▶ _WHAT TO DO_
Leave the pictures out while you restate every entry below word for word.

BEGIN DATA

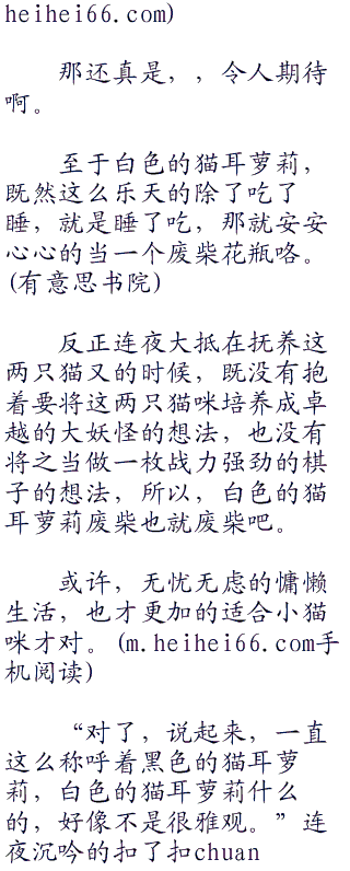 虽然说了黑色猫耳萝莉的那里是名器,做出了这种荤笑话的点评让古蕾菲亚对自己发了一顿火,但是连夜依旧对这两只小猫咪的成长感到乐此不疲。
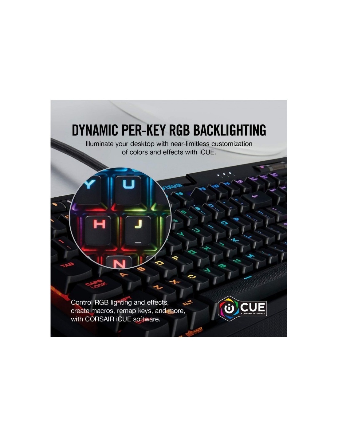 Rétroéclairage RGB : Le clavier offre un rétroéclairage RGB dynamique par touche, contrôlé par le puissant logiciel Corsair iCUE.
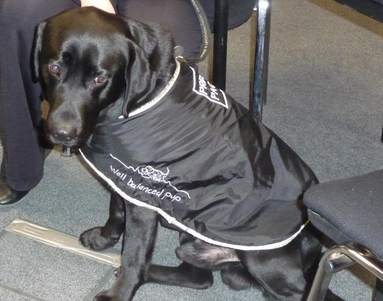 Buddy dressed to report on Crufts for Well Balanced Pup.
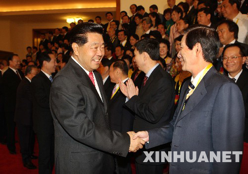 9月26日,中共中央政治局常委、全国政协主席贾庆林在北京人民大会堂会见出席中华海外联谊会三届一次理事大会的全体理事
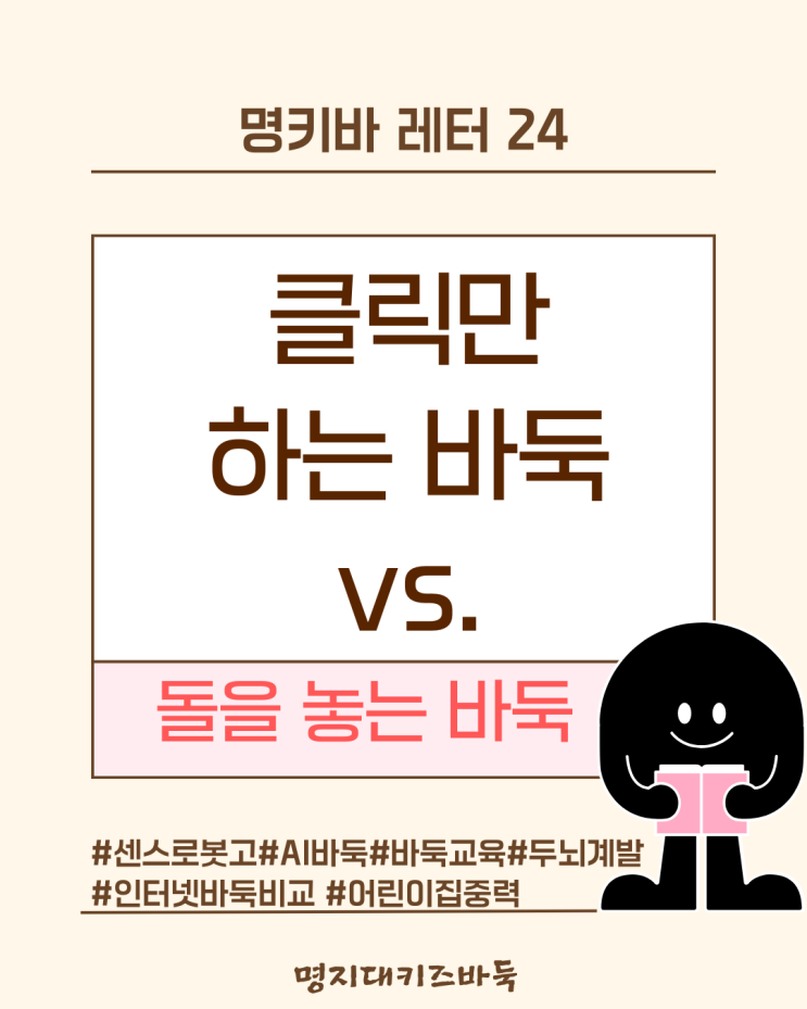 안녕하세요, 갈매바둑학원 명지대키즈바둑입니다. 클릭은 1초면 끝나지만, 수읽기는 1분을 고민해야 합니다. 1. "우리 아이도 인터넷 바둑 두는데, 학원 로봇은 뭐가 다른가요?" 요즘은 스마트폰이나 태블릿으로 어디서든 바둑을 둘 수 있는 시대입니다. 하지만 바둑 전문가들과 뇌 과학자들이 입을 모아 말하는 차이점이 있습니다. 바로 '실재감'과 '감각의 자극'입니다. 2. 뇌를 깨우는 손끝의 감각 (Tactile Learning) 인터넷 바둑: 마우스 클릭이나 화면 터치로 끝납니다. 평면적인 자극에 불과하죠. 센스로봇고: 아이가 바둑알을 직접 집어 판 위에 놓을 때 발생하는 촉감, 소리, 시각적 잔상은 뇌의 전두엽....... <img src="https://blogthumb.pstatic.net/MjAyNjAyMjdfMTQz/MDAxNzcyMTg1MjQ1Nzk2.vje-HhACNBwTrJxkfg4SSWvWAnREEZ5MMFKBwpK3-l4g.t9hcj8rBK8Q62GnV9-ZgNMwl_KvjDgh1TcHzYYDNTesg.PNG/1.png?type=s3" />

END DATA

▶ _ANSWER SECTION_
 虽然说了黑色猫耳萝莉的那里是名器,做出了这种荤笑话的点评让古蕾菲亚对自己发了一顿火,但是连夜依旧对这两只小猫咪的成长感到乐此不疲。
 Rétroéclairage RGB : Le clavier offre un rétroéclairage RGB dynamique par touche, contrôlé par le puissant logiciel Corsair iCUE.
 Buddy dressed to report on Crufts for Well Balanced Pup.
 9月26日,中共中央政治局常委、全国政协主席贾庆林在北京人民大会堂会见出席中华海外联谊会三届一次理事大会的全体理事
 안녕하세요, 갈매바둑학원 명지대키즈바둑입니다. 클릭은 1초면 끝나지만, 수읽기는 1분을 고민해야 합니다. 1. "우리 아이도 인터넷 바둑 두는데, 학원 로봇은 뭐가 다른가요?" 요즘은 스마트폰이나 태블릿으로 어디서든 바둑을 둘 수 있는 시대입니다. 하지만 바둑 전문가들과 뇌 과학자들이 입을 모아 말하는 차이점이 있습니다. 바로 '실재감'과 '감각의 자극'입니다. 2. 뇌를 깨우는 손끝의 감각 (Tactile Learning) 인터넷 바둑: 마우스 클릭이나 화면 터치로 끝납니다. 평면적인 자극에 불과하죠. 센스로봇고: 아이가 바둑알을 직접 집어 판 위에 놓을 때 발생하는 촉감, 소리, 시각적 잔상은 뇌의 전두엽....... <img src="https://blogthumb.pstatic.net/MjAyNjAyMjdfMTQz/MDAxNzcyMTg1MjQ1Nzk2.vje-HhACNBwTrJxkfg4SSWvWAnREEZ5MMFKBwpK3-l4g.t9hcj8rBK8Q62GnV9-ZgNMwl_KvjDgh1TcHzYYDNTesg.PNG/1.png?type=s3" />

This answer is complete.